The union refused to accept the offer, and worked with allies such as Southern Oregon Jobs with Justice and the International Brotherhood of Electrical Workers Local 659 to organize community support. Hundreds flooded school board meetings, and dozens spoke in support of teachers. On at least one occasion, the school board canceled a meeting after union supporters announced they would fill the room yet again.

Photo: ktvl.com
Photo: ktvl.com

But community demands did not substantially change the school board’s offer. After negotiations reached impasse in November, the board voted in December to implement the contract offer, leaving the union with two options: give in, or strike. MEA members voted to strike on January 23. The decision was difficult, but members thought a strike was needed to get a fair deal.
“Teachers are problem-solvers by nature, but we were so frustrated with how we kept hitting roadblocks,” said MEA President Cheryl Lashley. “They [the board] truly were not bargaining. They didn’t think we were strong enough to continue to say no. This isn’t fair… They had the money; they just weren’t going to spend it on teachers. They pushed us into the decision [to strike].”
The strike began on February 6. Classes continued as union members and supporters picketed outside in winter weather. To compensate for the lack of willing substitutes in Oregon, the school board hired teachers from as far away as New York and Texas. Substitutes received meal stipends, compensation for travel and lodging, and above-average wages.

Students reported being moved to crowded classrooms and expected to follow canned, low-quality lesson plans. Attendance plummeted; on the day students organized a walkout to support teachers, the high schools reported attendance rates between 16 and 36%. The school board needed to increase attendance or risk losing some state funding.

Mainstream media coverage presented information without the context needed for understanding, and included misleading quotes from school board members about the contract offer. The Medford Mail Tribune newspaper published two op-eds attacking the MEA before agreeing to publish an op-ed by the union.

Meanwhile, the same newspaper ran a full-page ad from the school board saying average teacher compensation exceeds $100,000 annually. That figure seems to represent total compensation, including gross pay, health benefits, and payroll taxes. The average take-home pay for MEA members is about $40,000 annually, according to Lashley. The union did not run any ads.

Despite media attacks, community support for the union held strong. Hundreds attended solidarity rallies, and pressure mounted for a settlement.

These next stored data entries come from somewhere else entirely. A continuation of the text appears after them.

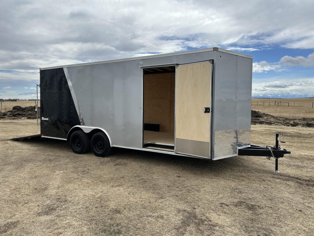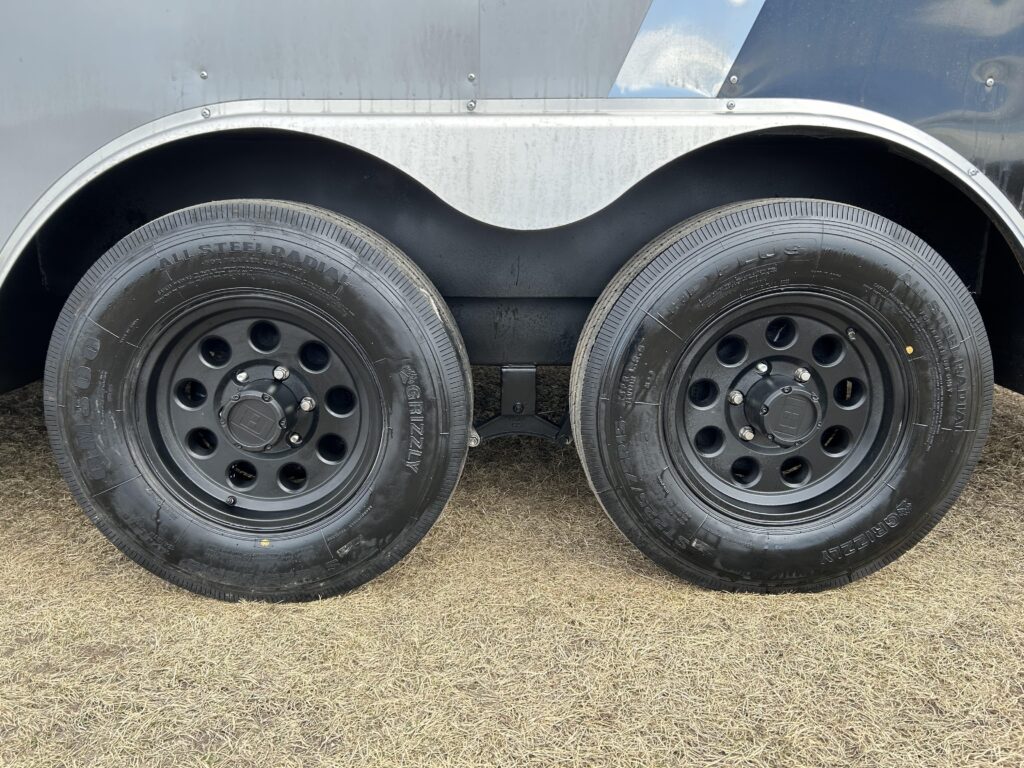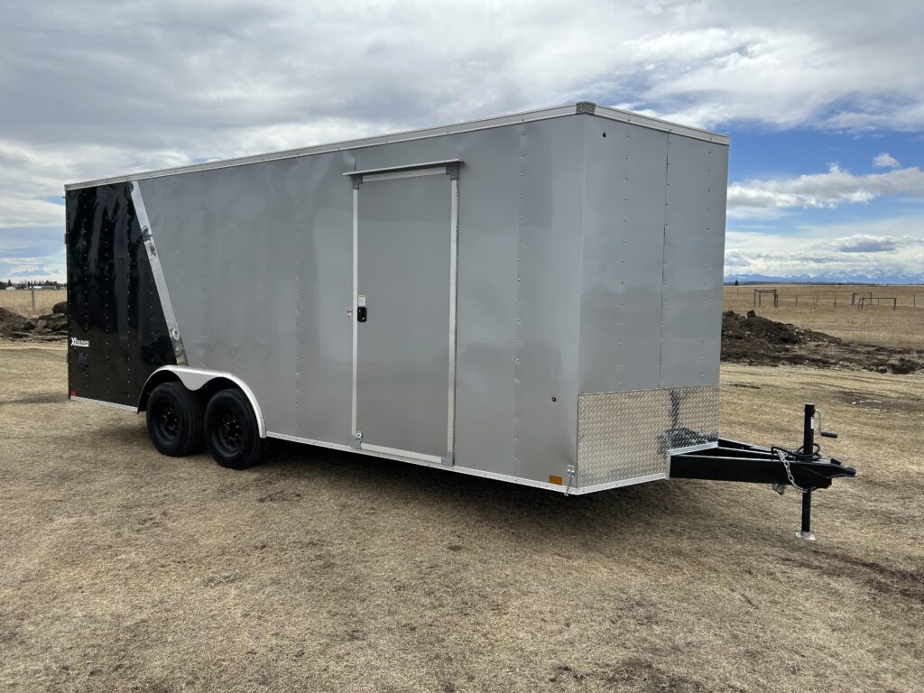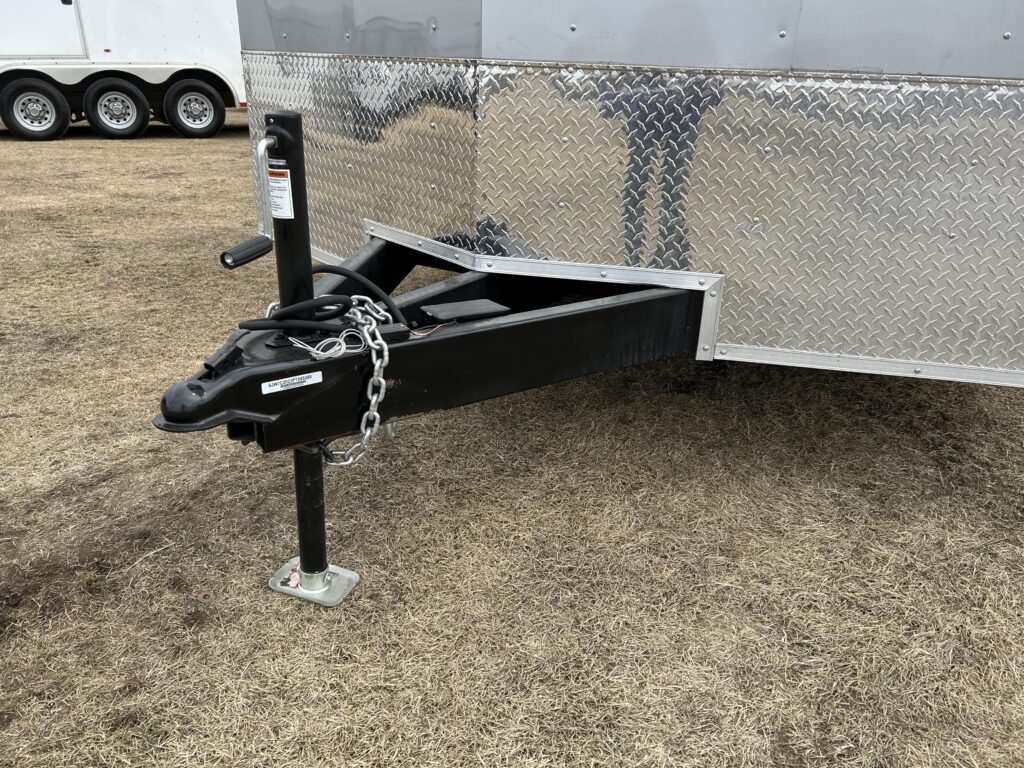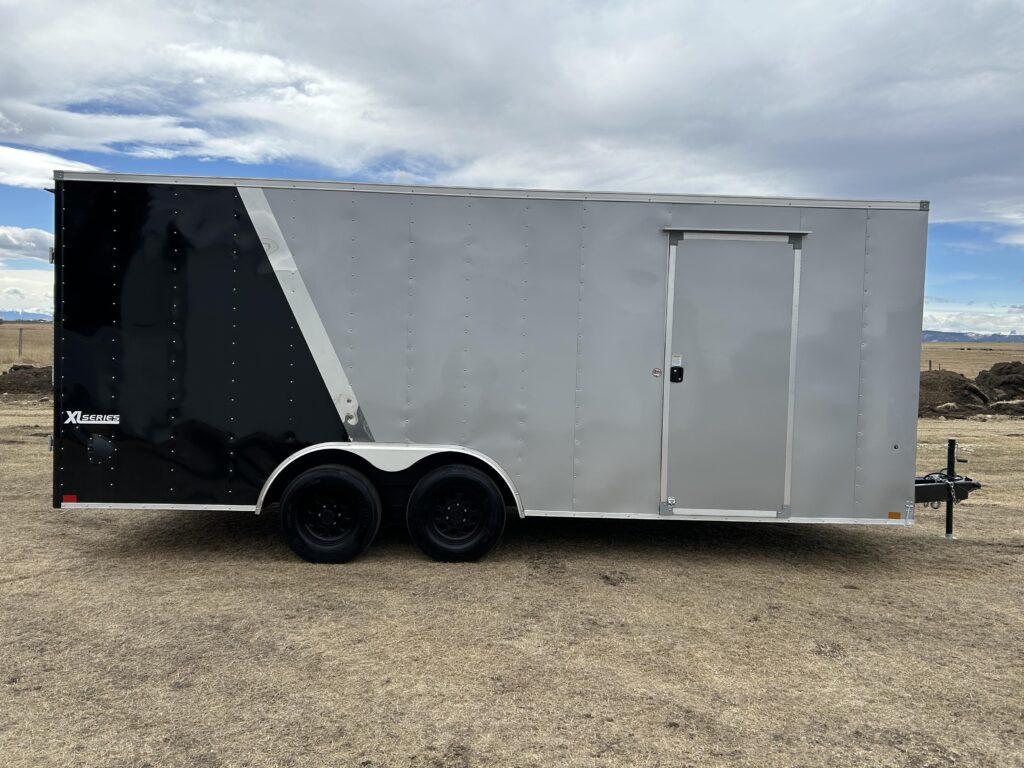 8.5×20′ black/silver enclosed trailer with an 18″ V-nose. Tandem 5,200lbs axles, spring assisted ramp door, 16″ ramp extension, RV side door. 2 dome lights and four 5,000bs tie down rings!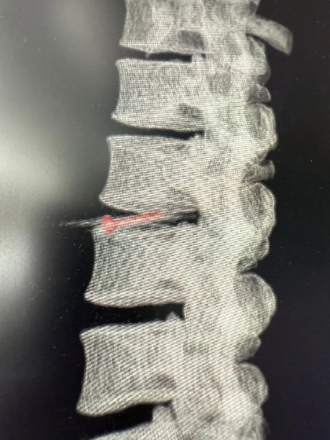 据医生介绍,钉子从腹壁到椎间盘,“走”了约40cm,疑似穿了多个腹腔脏器!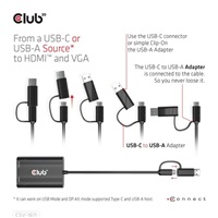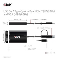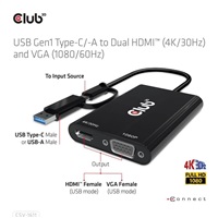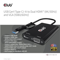 The Club 3D CSV-1611 USB Gen1 Type-C/-A to Dual HDMI™ (4K/30Hz) and VGA (1080/60Hz) adapter is a Dual Display adapter which provides most advanced, efficient solution to extend a single USB Type-C or Type-A port to HDMI™ and VGA displays. It supports single HDMI™ 4K/30Hz and VGA 1080P/60Hz or dual 4K/30Hz + VGA 1080P/60Hz simultaneous output of different videos. It can work on USB Mode and DP Alt mode supported Type-C and USB-A host. Dual Video output on MacBook with M1. Support USB Gen1 with max 5Gbps data transmission. The unit is powered thru the USB Type-A or Type-C host connection. No external power needed.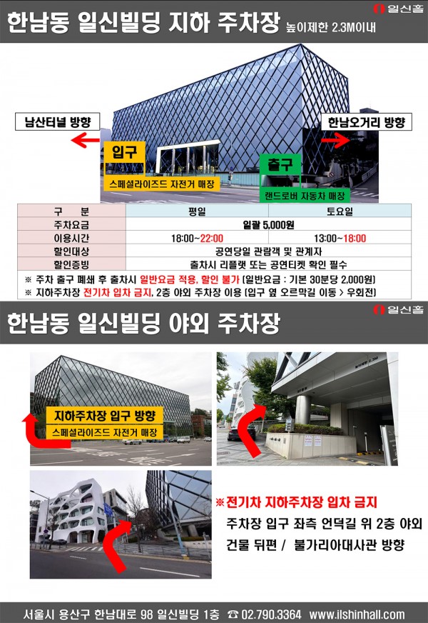 주차장 이용 및 금액은 어떻게 되나요? 페이지 정보 작성자 일신홀 작성일18-05-31 11:30 조회27,925회 댓글0건 관련링크 이전글 다음글 목록 본문 주소 : 서울시 용산구 한남대로 98(한남동 714) 일신빌딩 1층 Tel : 02-790-3364 이전글 다음글 목록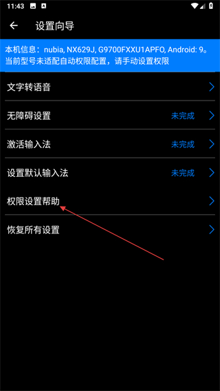 2、在设置向导页面找到权限设置帮助选项,点击进入权限设置帮助页面。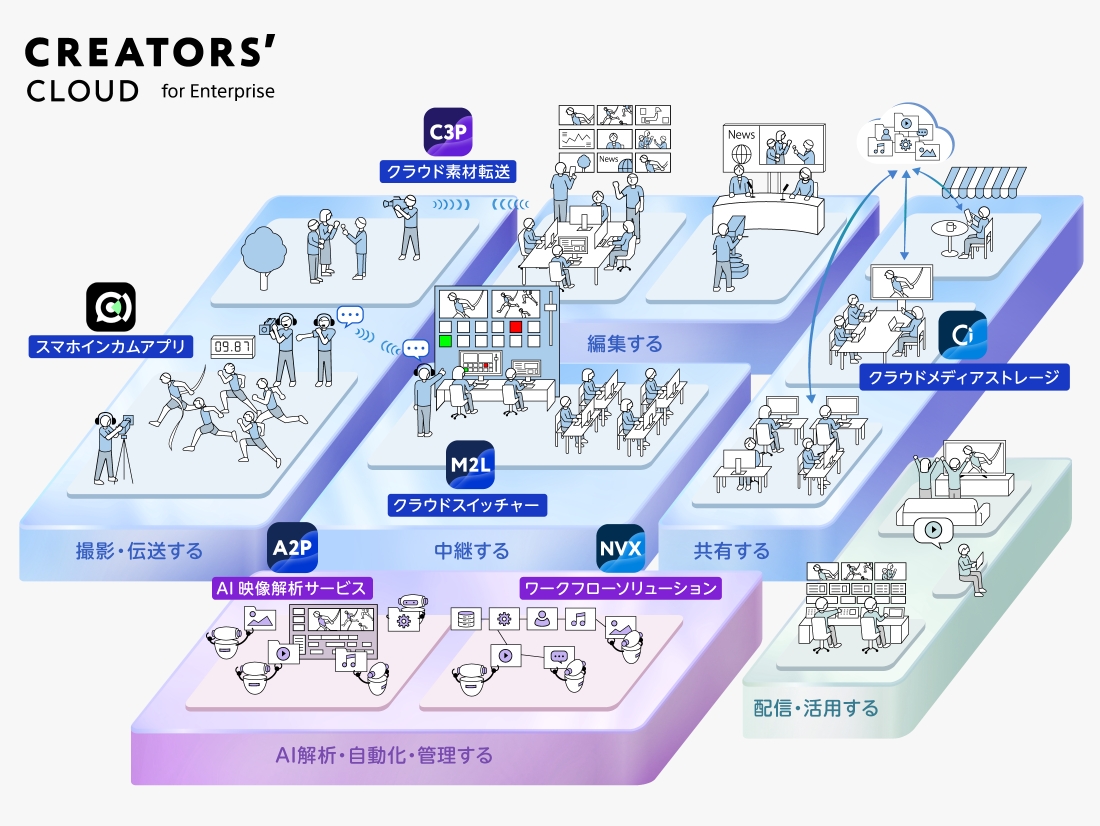 個人のお客様に提供しているCreators' Cloudは、プラットフォーム上にあるアプリケーションを連携・個別に使うサービスに対し、法人のお客様用は、映像制作における各タスクやプロセスに特化して、伝送・配信・共有・管理などの機能スペックなどを充実させ、それぞれ個別のクラウドサービスとしてラインアップしています。また、ソリューションサービスとして、現在ご利用中の他社様製品を含めたソフトウェアの連携・映像AI解析の導入・プラットフォーム化・自動化などをワンストップで提供しています。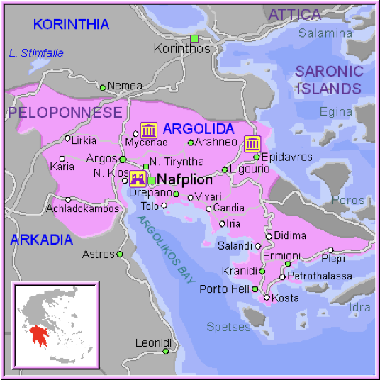 È all’interno della verdeggiante regione dell’Argolide (venendo da Atene è la prima penisola del Peloponneso che si incontra e che separa il golfo Saronico dal golfo Argolico), che si concentrano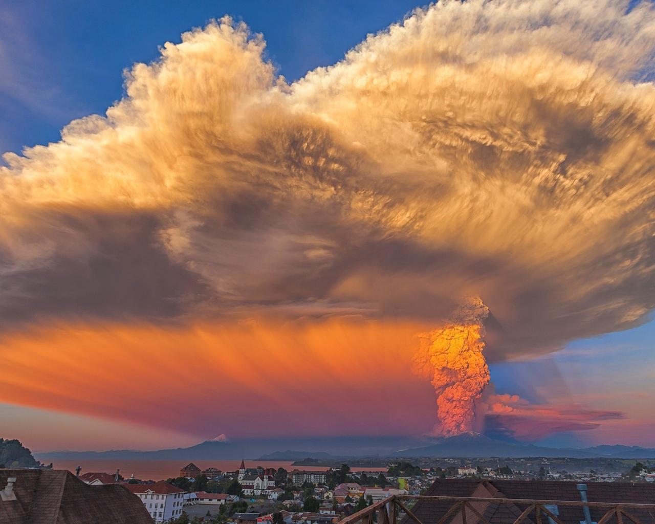 Wallpaper Unusual cloud over the volcano Calbuco, Chile

On February 22, the school board and the union finally reached a three-year agreement. The union won protections for prep time, working hours, and working days, but compromised on compensation. Terms included modest raises in teacher pay and the cost of living adjustment as well as a phase-in for higher health insurance and retirement fund deductions.

These days, life in the Medford School District is back to normal. Teachers are back in their classrooms, and students have returned to school. Collective action was vital for reaching a settlement union members considered fair. “The union is so much stronger than just the bargaining team,” said Lashley. “You don’t win at the table. You have to get everyone involved.”

Community support boosted teachers’ morale and gave them strength to follow through with the strike. Without that support, said Lashley, the victory for Medford teachers would not have been possible.

As school boards across the nation continue to push an agenda of austerity for educators, members of other unions would do well to remember this lesson

Income inequality is growing, and workers around the world continue to struggle for better pay and working conditions. “Everyone deserves fair working conditions and a living wage,” said Lashley. “Education is about giving people the knowledge to make good decisions and stand up for what they believe in […] that’s what we’re fighting for.”